*** Records provided ***

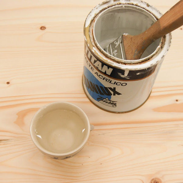 En primer lugar, decidimos que una de las caras del biombo lo queríamos liso, al principio pensamos en pintarlo de blanco, pero las aguas de la madera eran tan bonitas, que optamos por una pátina blanca, que la dejara a la vista, a la vez que aclaramos la madera. La mezcla que hicimos fue de 2 tazas de agua por 1 taza de pintura. Aplicamos la pintura y enseguida retiramos el exceso con un trapo. Como ves, es fácil y el resultado es precioso.
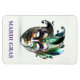 This flexible magnet is shown in a festive Mardi Gras mask print.
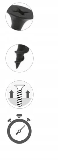 Krótki czas wkręcania- specjalny profil gwintu minimalizujący czas wkręcenia: 2,5 razy krótszy czas wkręcania od wymagań normy
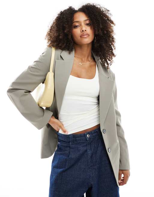 Pull&Bear – Oversize-Blazer in Sand mit zwei Knöpfen, Kombiteil
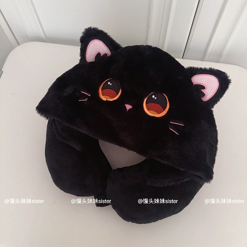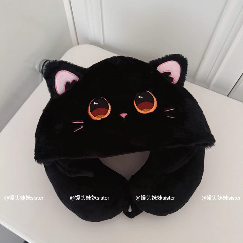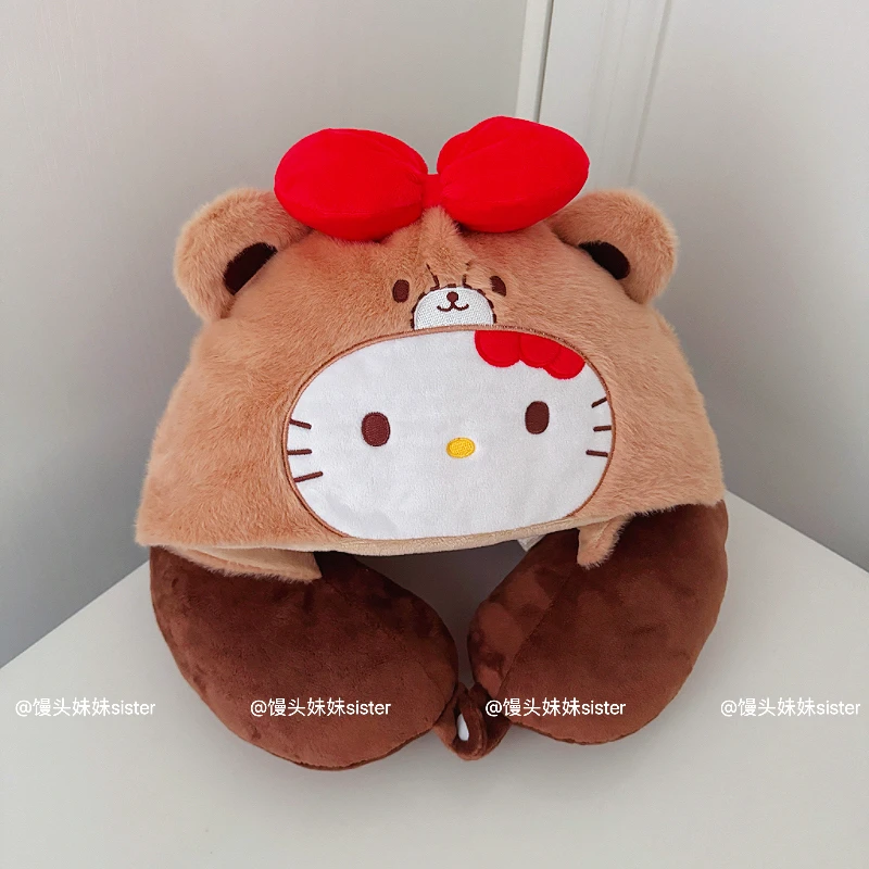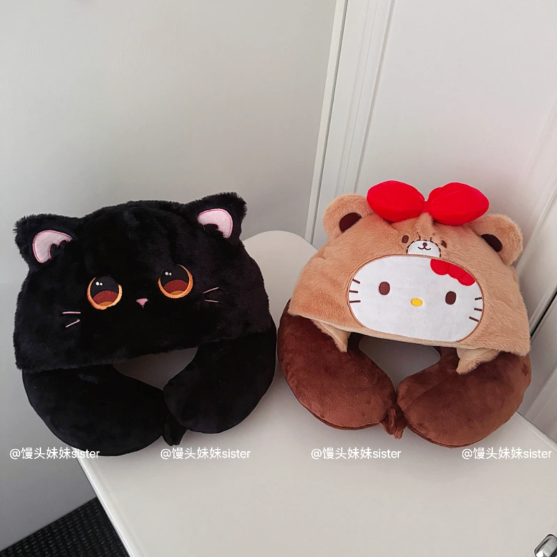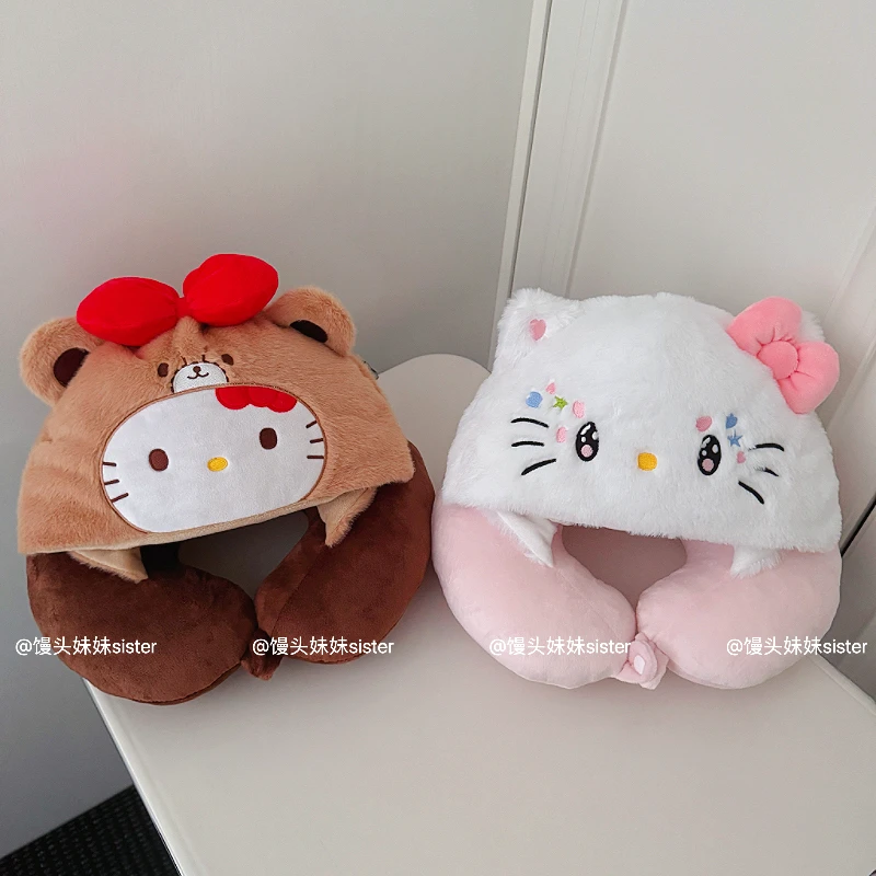 Kawaii Hello Kitty Neck Support Pillow with Hat Soft Plush Travel U-Shaped Pillow Nap Sleeping Cartoon Comfortable Journeys Girl

*** End of Records provided ***

Drop the images, then copy the data exactly.

> [Your response]:
 En primer lugar, decidimos que una de las caras del biombo lo queríamos liso, al principio pensamos en pintarlo de blanco, pero las aguas de la madera eran tan bonitas, que optamos por una pátina blanca, que la dejara a la vista, a la vez que aclaramos la madera. La mezcla que hicimos fue de 2 tazas de agua por 1 taza de pintura. Aplicamos la pintura y enseguida retiramos el exceso con un trapo. Como ves, es fácil y el resultado es precioso.
 This flexible magnet is shown in a festive Mardi Gras mask print.
 Krótki czas wkręcania- specjalny profil gwintu minimalizujący czas wkręcenia: 2,5 razy krótszy czas wkręcania od wymagań normy
 Pull&Bear – Oversize-Blazer in Sand mit zwei Knöpfen, Kombiteil
 Kawaii Hello Kitty Neck Support Pillow with Hat Soft Plush Travel U-Shaped Pillow Nap Sleeping Cartoon Comfortable Journeys Girl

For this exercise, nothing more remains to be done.